It often happens that people with different values and life priorities enter into relationships. This leads to disagreement and quarrels, they cannot find a compromise in controversial situations and are unable to control their emotions. So, today we will analyze the main reasons for the conflict in your relationship and talk about how to avoid them.
Don’t be afraid to sort things out.
A conflict is not a bad thing if you are willing to work on fixing it and want to understand the cause. After all, if there are no problems in the relationship, then one of the partners is simply afraid to say what he does not like. Both of you are entitled to your personal opinion and must express your feelings and emotions without harming your partner. Whenever there is conflict, people tend to be honest and say what they think. Nevertheless, you need to try to find a common language and not allow disagreements to develop into something more serious.
The reasons for conflict in your relationship can be due to many circumstances. Plus, people only focus on the surface of the problem, not the root cause. This approach can numb the symptoms for a while, but eventually the problem will reappear. For your peace of mind, I want to note again that it is quite normal if there are disagreements between partners. This does not mean that your love ends. Healthy relationships grow and develop through conflicts and their solutions.
Before trying to fix a conflict, you need to find the cause.
Causes of conflicts in relationships
There are times when we are so determined to get what we want that we forget to think about the people around us. Couples often have conflicts due to the fact that one of the partners is too selfish. Sometimes, this is done deliberately and only exacerbates the problem. Selfishness is number one on the list because when a person does not respect a partner’s needs, it becomes impossible to develop a healthy relationship. Don’t be selfish even if you want to impress someone. Modesty beautifies a person and makes him a more attractive person.
2. Incorrect communication
How you express your opinions, feelings and emotions to your partner directly affects your relationship. Correct communication is the key to a happy life for any couple. Irregular and incorrect communication in most cases leads to a breakdown in relations. In any situation, take time to hear each other and sincerely share your feelings and experiences with your partner.
I have often met situations when one of the partners offends the other. And if a person who is being insulted is unable to report the offense, then he retains these negative emotions in himself. It also happens that a person is simply upset and dissatisfied, but does not say why. In this case, his partner thinks that he is not interested in him and does not feel the desire to develop a relationship.
The most unpleasant thing is to be surrounded by people who constantly criticize you. The second annoying thing is when a person claims that the reasons for the conflict in your relationship are not their fault. One partner blames the other for everything no matter what happens and will never admit his mistakes. The funny thing about this situation is that when things are going well, then he takes all the credit.

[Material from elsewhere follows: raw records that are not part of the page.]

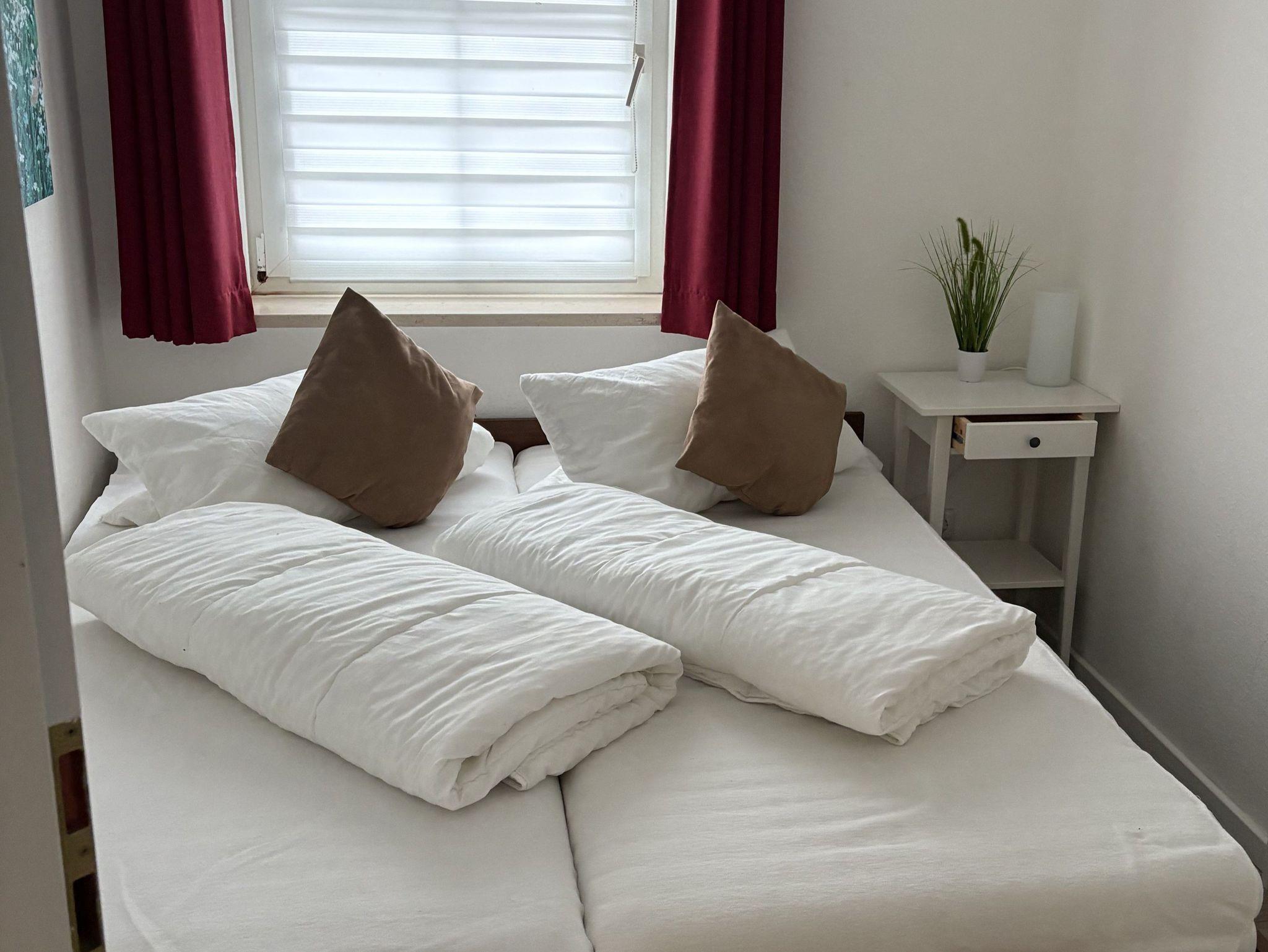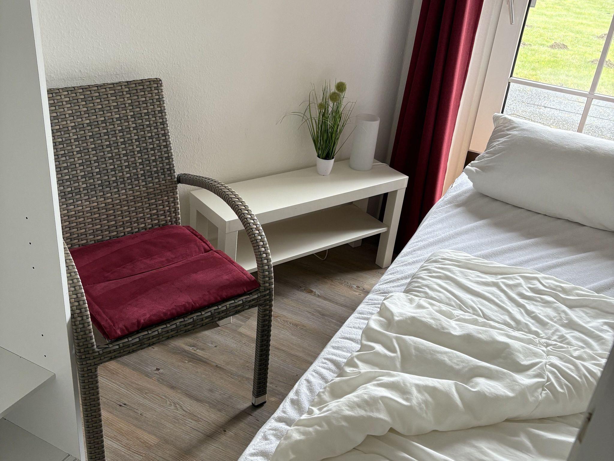 • zwei Schlafräume (1 Schlafraum mit Doppelbett und Einbauschrank, 1 Schlafraum mit Einzelbett und offenem Schrank)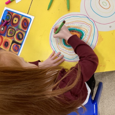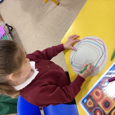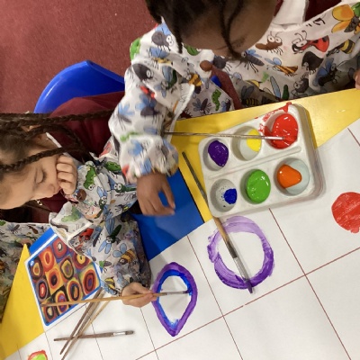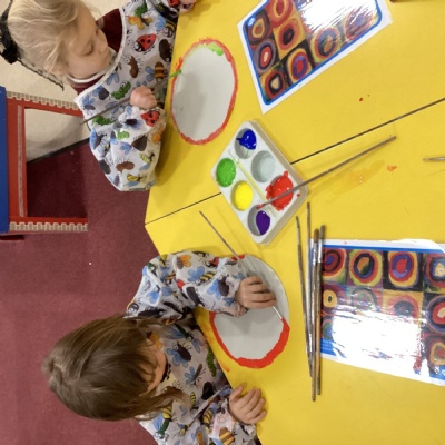 We explored circles inspired by Kandinsky. The adult prepared cut-out paper circles and squares, and divided sheets into squares. The children drew or painted circles inside the shapes, experimenting with colour, size, and placement. They enjoyed exploring patterns and expressing their creativity through this activity.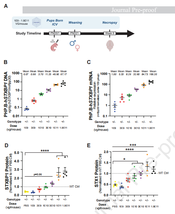 组织级表达:AAV-PHP.B-hSyn-STXBP1治疗在小鼠皮层中引起了DNA载体分布、转基因mRNA水平的剂量依赖性增加(图1B, 1C)。总STXBP1蛋白及药效学标志物STX1蛋白也呈现剂量依赖性上升(图1D, 1E)。

5. Unrealistic expectations
I also love to watch romantic films in which they say that there is a perfect man somewhere and I will definitely be happy with him. The problem is that we don’t want to do anything except wait for our soul mate. Life experience taught me that you need to build your own happiness and the life that we want. Yes, it is very good when your person is really near, who loves, appreciates and respects. But happiness is your personal responsibility. In many ways, conflicts arise because one or both partners feel that their expectations are not being met. They often place too high demands on a person, which he is not able to fulfill.
6. Constant control
The desire to have power over people is part of human nature. We like to feel superior to someone, and this often manifests itself in relationships. Excessive concern for a person can harm him. Whenever you are trying to control your partner, put yourself in his shoes. How will you feel?
7. Anger and anger
These feelings drain our energy and will definitely not help us build a happy relationship. Overcoming anger requires us to listen and understand our partner. Let the other person express their point of view without saying a word. Then rephrase what he said as accurately and respectfully as possible. This exercise will allow you to better understand people and avoid misunderstandings.
8. Our disadvantages
Each of us has our drawbacks. We often avoid shortcomings and do not want to accept them. But if we want to develop ourselves as a person and build correct relationships with people, then we must work on ourselves. Plus, it will improve our quality of life and make us a happier person. Therefore, if you do not like something about yourself, try to fix it.
My advice to you, if you are having serious relationship problems and are unsure of what to do, seek professional help. It is wrong to assume that you know everything and are capable of solving all problems. You and your partner can get help from a therapist or psychologist. You may need a more experienced person to see the reasons for the conflict in your relationship from your side.